Early in his pontificate Pope Francis made clear that he wanted the Synod of Bishops – a worldwide body which since Vatican II has met periodically to discuss topical issues – to discuss the place of the family in the world today and its repercussions for the Church. As a sign of the importance of the issue, the debate would take place over two synods in successive years.
It is usual for each synod to be followed by the publication of a “post-synodal exhortation” where the Pope sums up the bishops’ findings and adds reflections of his own.
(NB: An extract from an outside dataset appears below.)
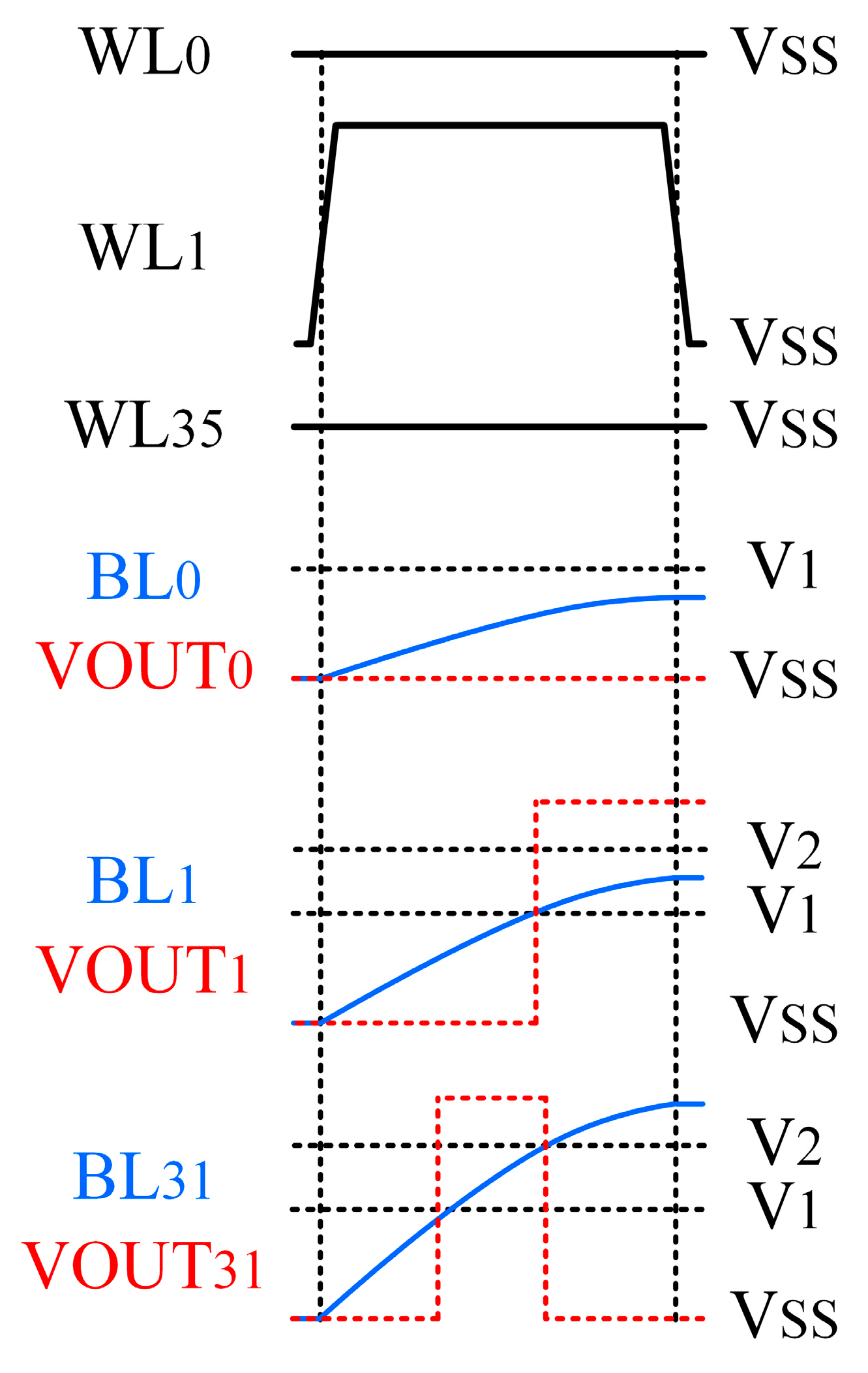 - Using capacitors and voltage comparators, the readout circuit compares the bit-line voltage to reference voltages and yield the result.

Amoris Laetitia, the exhortation following these two synods, was the longest papal document in history, reflecting the complexity of the issues involved and the Church’s desire to shed light on the crisis confronting the modern family.
But the issue which grabbed most attention was the possibility that Pope Francis might change the discipline on Communion for the divorced and remarried. The Pope had given strong hints from the first months of his pontificate that he wished to relax the traditional discipline, which regards marriages contracted by Catholics after divorce and without annulment of the first marriage as adulterous, constituting a bar to reception of the Eucharist.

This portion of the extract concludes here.